What you will do: What is needed is an exact transcription of every entry below, with the pictures left out.
"""
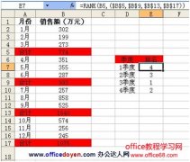 本文利用excel的rank函数来对不连续单元格进行排位(名次)。 实例详见下图,本表中统计了各个月份以及每季度的销售额,现在需要分别对4个季度进行销售额排名。 以下是使用excel的rank函数来对不连续单元格(4个季度),进行排位(名次)的操作步骤: 第一步,单击E7单元格,在编辑栏输入公式:=RANK(B5,($B$5,$B$9,$B$13,$B$1...
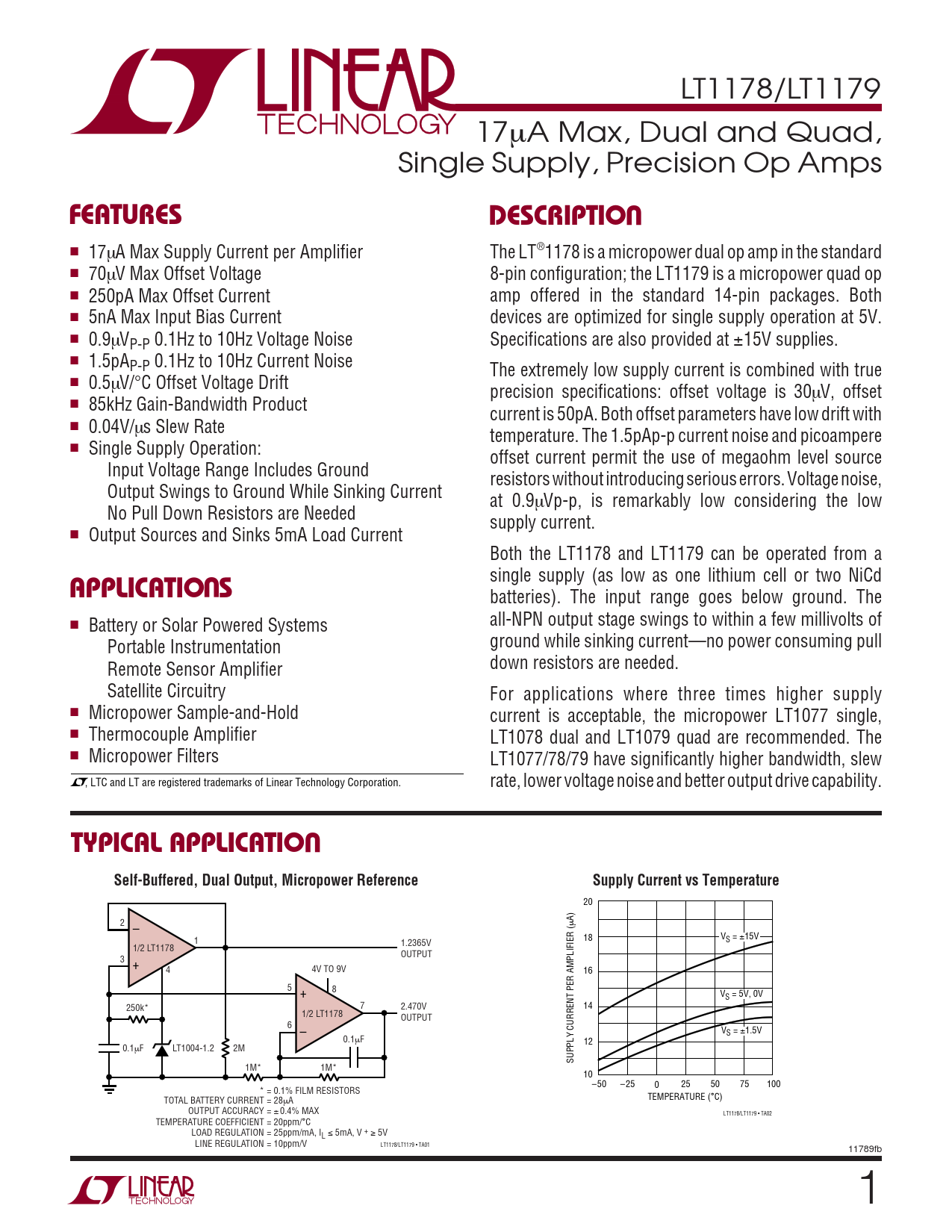LT1178/LT1179 17µA Max, Dual and Quad, Single Supply, Precision Op Amps
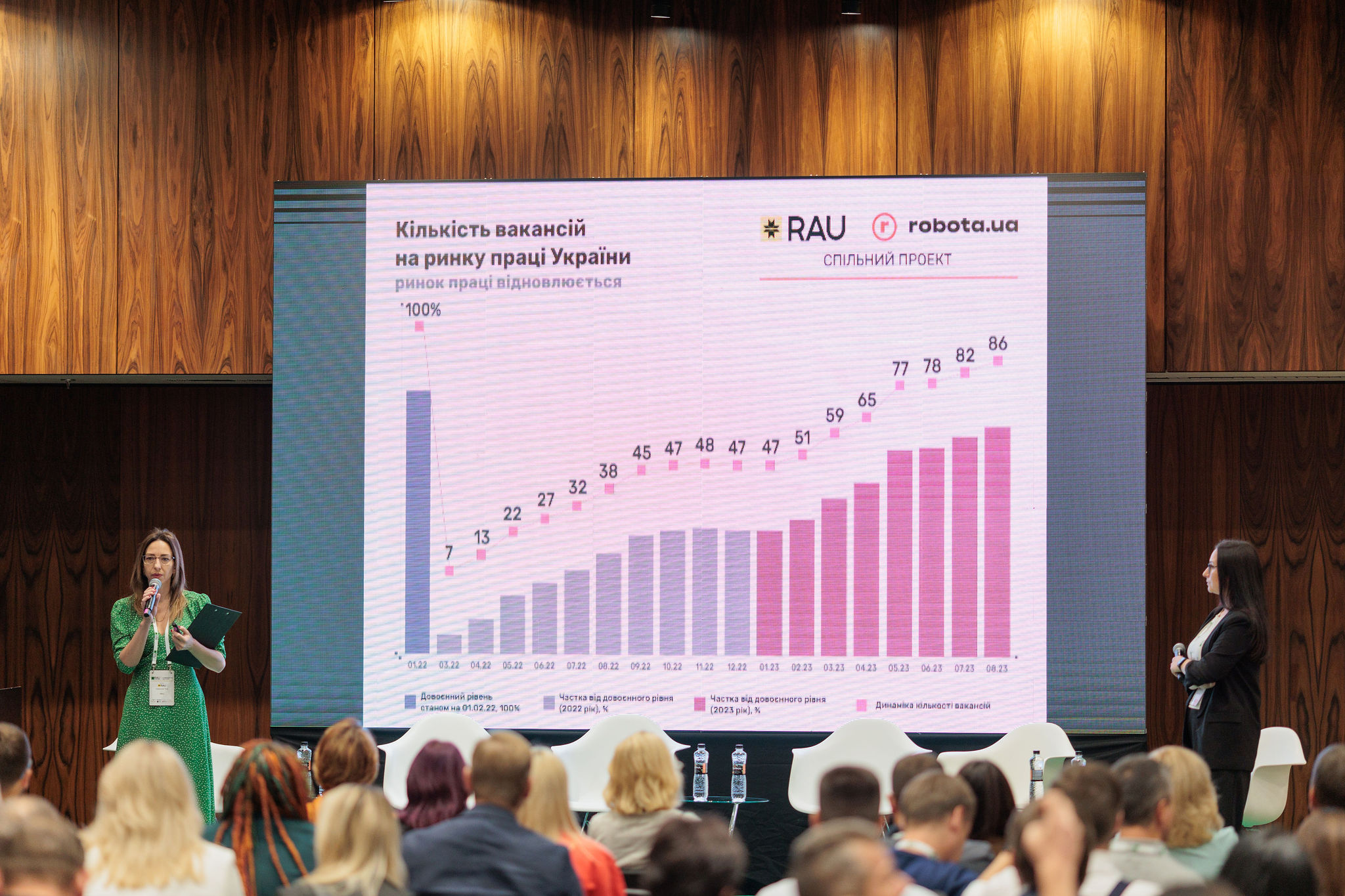 The session “Labour Market. How to survive the high season in the face of staff shortages” was held in the Hall No. 2. Yana Yermakova, Head of Analytics at the Retail Association of Ukraine, and Yuliia Dalibuk, Marketing Director at robota.ua, shared their analytics on the “Challenges and dynamics of the retail labour market”.
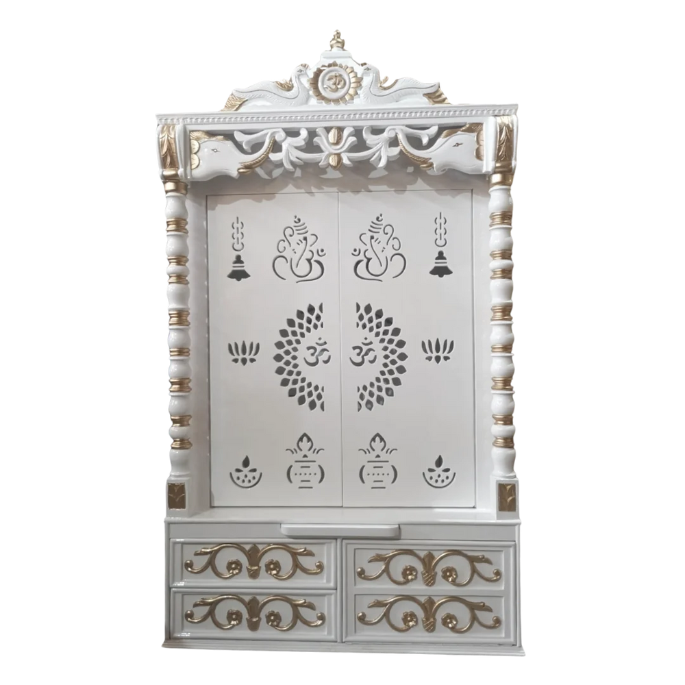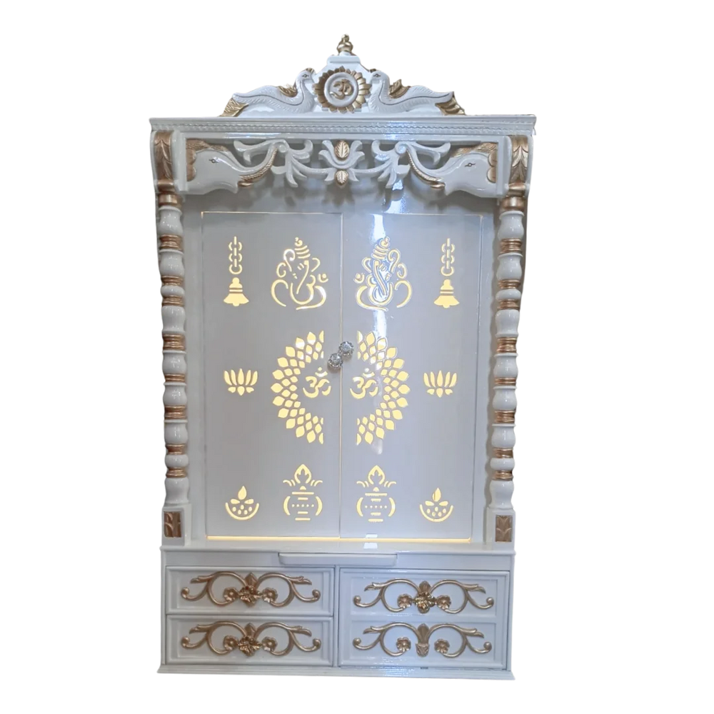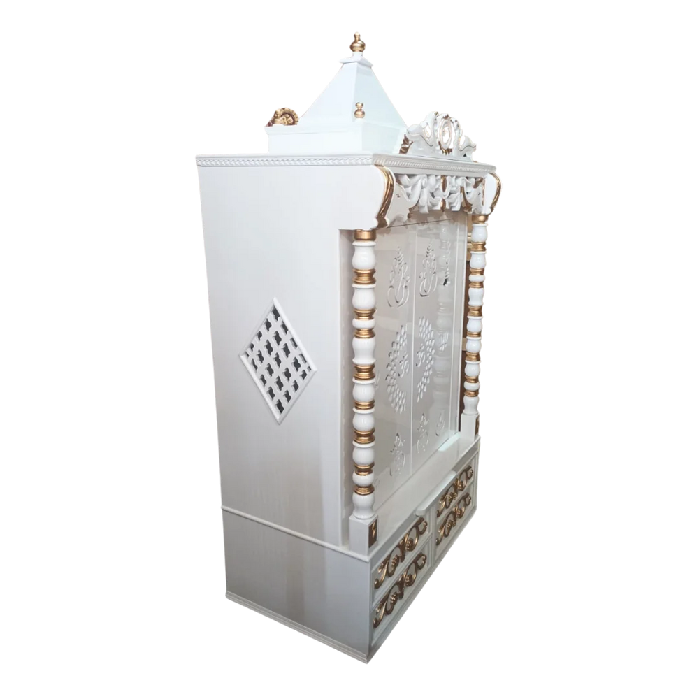 The white color of this mandir gives a peaceful and holy feel to your pooja room. With gold touches, it looks nice and fits well in both modern and traditional homes. The white color shows purity and calmness. Its soft finish mixes easily with other light-colored rooms. Gold lines are added gently on the sides and edges, giving a stylish look without being too bright. The light color helps your idols and pooja items stand out clearly. This is good for places where you want more light and clean look. The white surface also shines better during pooja and makes the space feel bright.
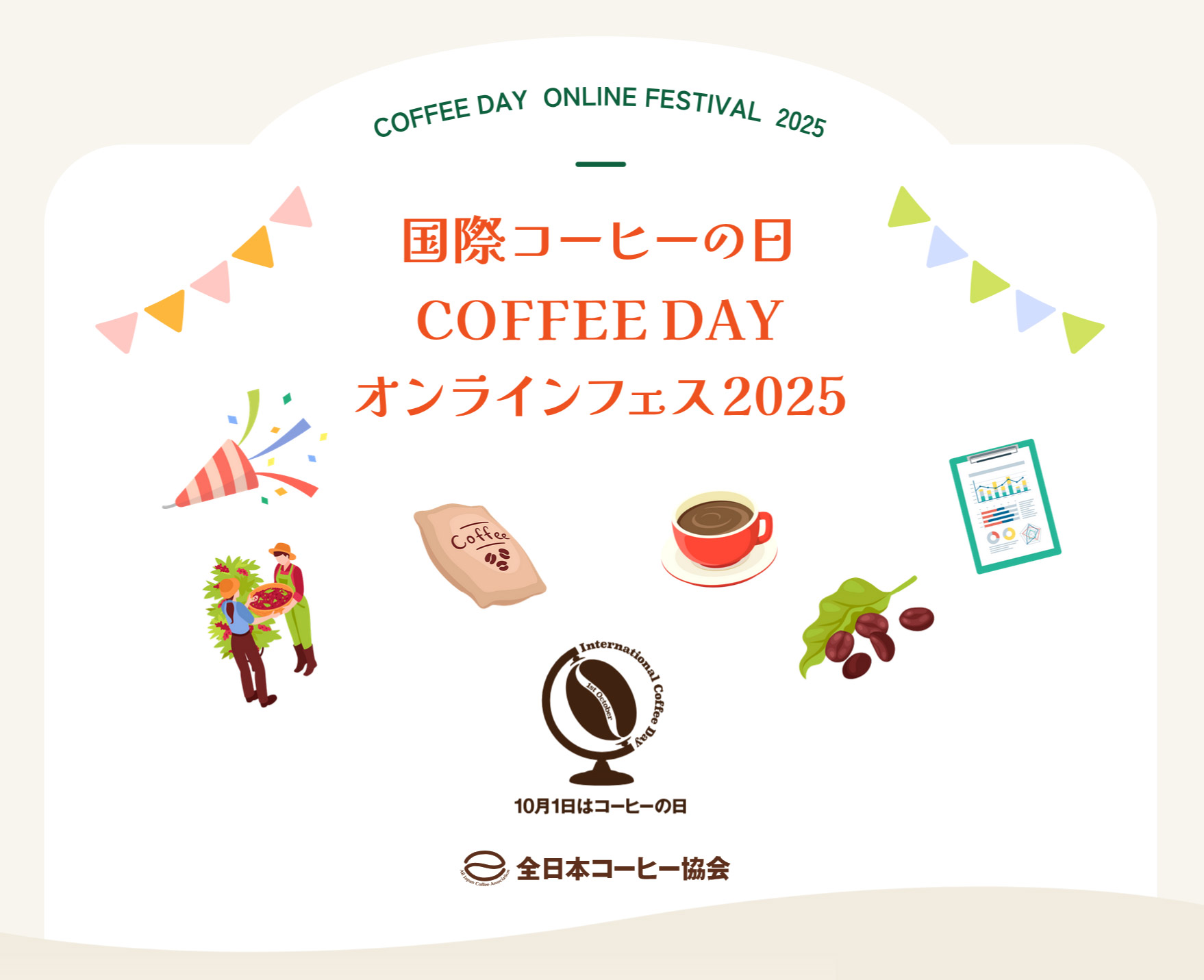2025年は「国際コーヒーの日」からの1ヶ月間を「コーヒー月間」とし、コーヒーをめぐる最新事情、コーヒーの魅力や楽しさをもっと知っていただきたい、あるいは皆さまと分かち合いたい、そんな思いをこめた動画を8本順次公開する「COFFEE DAY オンラインフェス2025」を開催します。
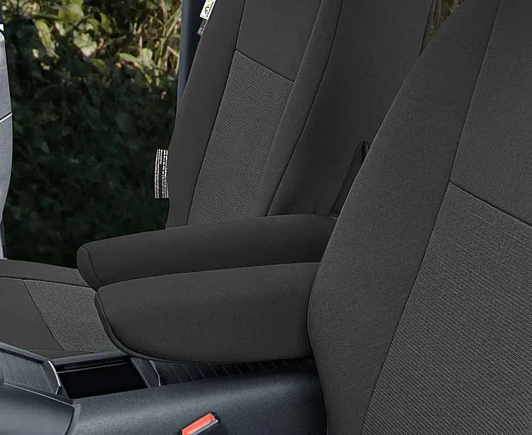 - Pokrowce na fotele kierowcy i pasażera wyposażono w specjalne, zapinane na rzep rozcięcie, umożliwiające prawidłowy montaż również na fotelach wyposażonych w podłokietnik.
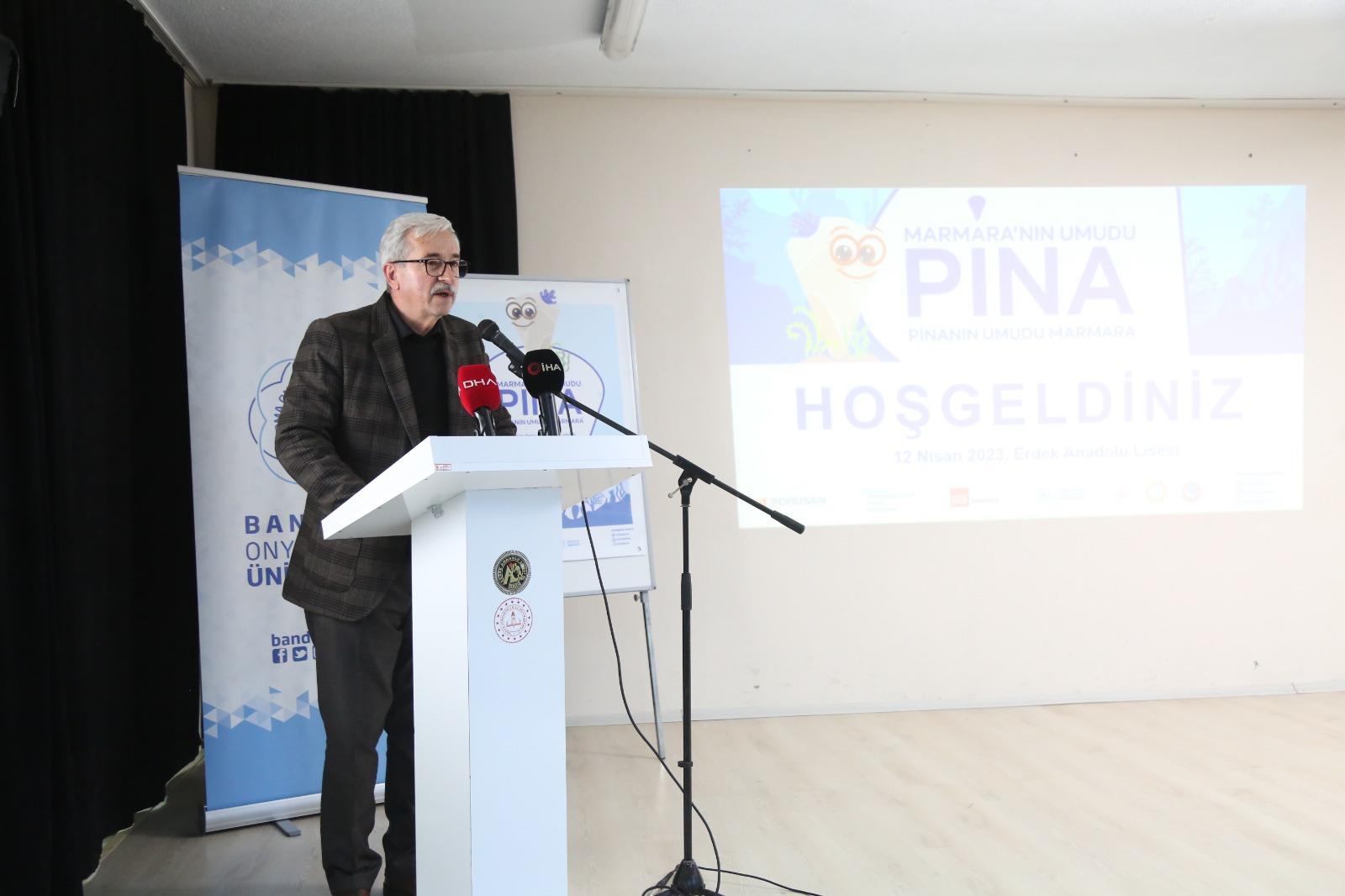 Denizcilik Fakültemizin koordinasyonu ve Borusan Holding ile Impact Hub İstanbul’un ‘Sürdürülebilirlik Fayda Programı’ kapsamında, Erdek Kaymakamlığı, Erdek Belediyesi ve Erdek Ticaret Odası'nın destekleriyle yürütülen ‘Marmara’nın Umudu Pina’ projesinin ilk toplantısı gerçekleştirildi. Erdek Anadolu Lisesi’nde gerçekleşen toplantıya Rektörümüz Prof. Dr. Süleyman Özdemir, Erdek Belediye Başkanı Burhan Karışık, Erdek Ticaret Odası Başkanı Turan Gün, Erdek İlçe Milli Eğitim Müdürü Şafak Turan, Denizcilik Fakültesi Dekanımız Prof. Dr. Mustafa Sarı, Denizcilik Meslek Yüksekokulu akademisyenlerimizden Doç. Dr. Uğur Karadurmuş, basın mensupları ve vatandaşlar katıldı.
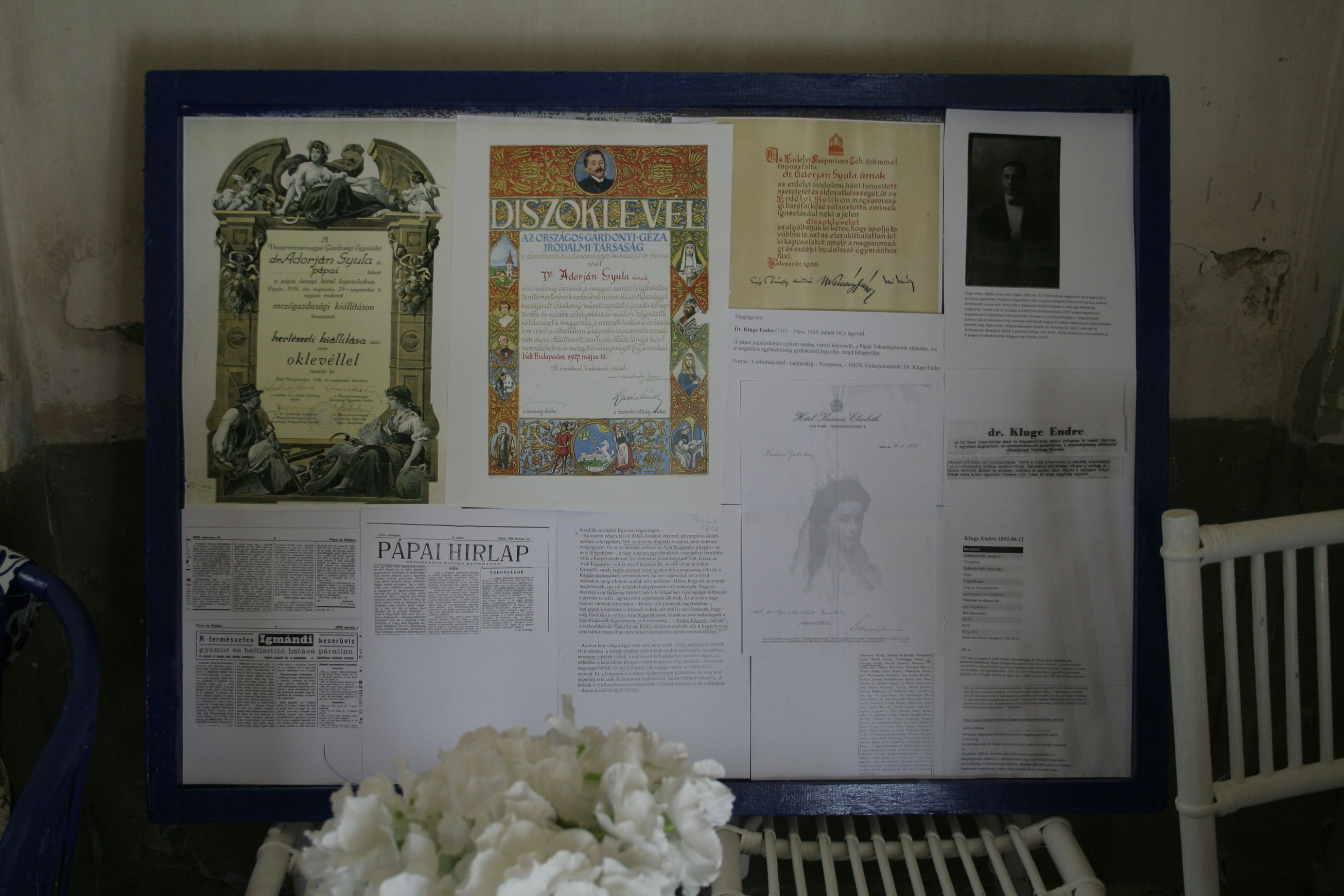 Az időbringára felszállva 1908-ban találtuk magunkat. Ekkor a belvárosban már állt a Postapalota, a mozi, valamint a Deák Ferenc utca 4-es ház is, melyek mindegyike Fon Mihály építőmester keze munkáját dicsérik. Utóbbi megépítésére a kor kiváló ügyvédjétől, dr. Adorján Gyulától kapott megbízatást, aki a város legnagyobb adózóinak listáján is szerepelt. Csakúgy, mint a Kluge név, amely nemcsak a kékfestésről lehet ismert. Ifjabb Kluge Endre, akivel szintén találkozhattunk Pápán az 1910-es években, az egészségügyben lett világhírű. Az új Szent János Kórház elme- és idegosztályát három évtizeden át vezette, nemrégiben Soltész Miklós államtitkár úgy fogalmazott róla, hogy "neve a világ minden táján ismer", hozzá köthető a paranoia fogalmának megalkotása.
"""
Your solution:
 本文利用excel的rank函数来对不连续单元格进行排位(名次)。 实例详见下图,本表中统计了各个月份以及每季度的销售额,现在需要分别对4个季度进行销售额排名。 以下是使用excel的rank函数来对不连续单元格(4个季度),进行排位(名次)的操作步骤: 第一步,单击E7单元格,在编辑栏输入公式:=RANK(B5,($B$5,$B$9,$B$13,$B$1...
LT1178/LT1179 17µA Max, Dual and Quad, Single Supply, Precision Op Amps
 The session “Labour Market. How to survive the high season in the face of staff shortages” was held in the Hall No. 2. Yana Yermakova, Head of Analytics at the Retail Association of Ukraine, and Yuliia Dalibuk, Marketing Director at robota.ua, shared their analytics on the “Challenges and dynamics of the retail labour market”.
 The white color of this mandir gives a peaceful and holy feel to your pooja room. With gold touches, it looks nice and fits well in both modern and traditional homes. The white color shows purity and calmness. Its soft finish mixes easily with other light-colored rooms. Gold lines are added gently on the sides and edges, giving a stylish look without being too bright. The light color helps your idols and pooja items stand out clearly. This is good for places where you want more light and clean look. The white surface also shines better during pooja and makes the space feel bright.
2025年は「国際コーヒーの日」からの1ヶ月間を「コーヒー月間」とし、コーヒーをめぐる最新事情、コーヒーの魅力や楽しさをもっと知っていただきたい、あるいは皆さまと分かち合いたい、そんな思いをこめた動画を8本順次公開する「COFFEE DAY オンラインフェス2025」を開催します。
 - Pokrowce na fotele kierowcy i pasażera wyposażono w specjalne, zapinane na rzep rozcięcie, umożliwiające prawidłowy montaż również na fotelach wyposażonych w podłokietnik.
 Denizcilik Fakültemizin koordinasyonu ve Borusan Holding ile Impact Hub İstanbul’un ‘Sürdürülebilirlik Fayda Programı’ kapsamında, Erdek Kaymakamlığı, Erdek Belediyesi ve Erdek Ticaret Odası'nın destekleriyle yürütülen ‘Marmara’nın Umudu Pina’ projesinin ilk toplantısı gerçekleştirildi. Erdek Anadolu Lisesi’nde gerçekleşen toplantıya Rektörümüz Prof. Dr. Süleyman Özdemir, Erdek Belediye Başkanı Burhan Karışık, Erdek Ticaret Odası Başkanı Turan Gün, Erdek İlçe Milli Eğitim Müdürü Şafak Turan, Denizcilik Fakültesi Dekanımız Prof. Dr. Mustafa Sarı, Denizcilik Meslek Yüksekokulu akademisyenlerimizden Doç. Dr. Uğur Karadurmuş, basın mensupları ve vatandaşlar katıldı.
 Az időbringára felszállva 1908-ban találtuk magunkat. Ekkor a belvárosban már állt a Postapalota, a mozi, valamint a Deák Ferenc utca 4-es ház is, melyek mindegyike Fon Mihály építőmester keze munkáját dicsérik. Utóbbi megépítésére a kor kiváló ügyvédjétől, dr. Adorján Gyulától kapott megbízatást, aki a város legnagyobb adózóinak listáján is szerepelt. Csakúgy, mint a Kluge név, amely nemcsak a kékfestésről lehet ismert. Ifjabb Kluge Endre, akivel szintén találkozhattunk Pápán az 1910-es években, az egészségügyben lett világhírű. Az új Szent János Kórház elme- és idegosztályát három évtizeden át vezette, nemrégiben Soltész Miklós államtitkár úgy fogalmazott róla, hogy "neve a világ minden táján ismer", hozzá köthető a paranoia fogalmának megalkotása.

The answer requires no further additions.